I agree that we don't want to return any sense of 'ranges', that we just want the individual dates. Your solution appears to work, but as your commit message predicts, I do not love the multiple pass approach. :-P

Something to consider is that including to in the list of extra tokens, along with tokens like due are there purely for extra functionality I wanted in my original use case. The idea was to produce a little extra context about where we are capturing the datetime strings. That way, if you do source=True, you can do further analysis on the source string to determine which of the dates you are getting back is likely the one you are looking for.

One alternative would be allowing the user to pass in an EXTRA_TOKENS list. That way if it breaks things like with to in this date range example, it's just on the user and not on the package.

from datefinder.

ranchodeluxe avatar ranchodeluxe commented on July 27, 2024

I agree, two passes feels odd. I was never totally sold on it. Out of that hack I just liked the whole idea of keeping the solution lazy and open to retries by pushing the work back on the stack.

At first I liked the idea of the user passing EXTRA_TOKENS. But then that's more for them to think about and it really asks them to know something about how this tool works, which feels gross.

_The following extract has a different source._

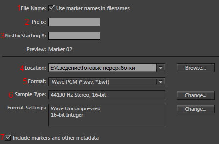 7. Include Markers and Other Metadata (включение маркеров и других метаданных) - включает в звуковой файл маркеры и информацию из панели Metadata. (См. работу с маркерами в данной статье и Просмотр и редактирование метаданных XMP).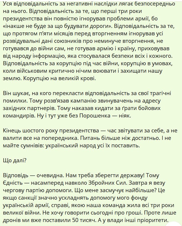"Він шукає, на кого перекласти відповідальність за свої трагічні помилки. Тому він запустив кампанію звинувачень на адресу західних партнерів. Тому наказав кидати за ґрати бойових командирів. Ну і тут уже без Порошенка – ніяк", – написав екс-президент.

There are a couple issues that this ticket and the work on it have exposed:

  1. regardless of what tokens we choose, there could always be a case where it will match dates that wrap an EXTRA_TOKEN. For example, consider I like to list dates such as 01/01/2015, 02/01/2016, 03/01/2017. Seems like a good solution would make sure that doesn't happen regardless of the token.
  2. The above issue begs a simpler base case which I feel like the regex should solve but doesn't
In [6]: list(datefinder_instance.extract_date_strings('01/01/2015 02/01/2016 03/01/2017'))
Out[6]: 
[('01/01/2015 02/01/2016 03/01/2017',
  (0, 32),
  {'days': [],
   'delimiters': ['/', '/', ' ', '/', '/', ' ', '/', '/'],
   'digits': ['01', '01', '2015', '02', '01', '2016', '03', '01', '2017'],
   'digits_modifier': [],
   'extra_tokens': [],
   'hours': [],
   'minutes': [],
   'months': [],
   'seconds': [],
   'time': [],
   'time_periods': [],
   'timezones': []})]

from datefinder.

akoumjian avatar akoumjian commented on July 27, 2024

Okay, this just got way more complicated

from datefinder.

akoumjian avatar akoumjian commented on July 27, 2024

Some follow up thoughts. Two approaches pop into my head:

  1. switch over to using a laundry list of regexes, or using laundry list of regexes for more basic valid types and using them in a second pass fashion.
  2. Using the amount of group type matches to infer how and why to split up the match and then re-run that through the engine as is after splitting.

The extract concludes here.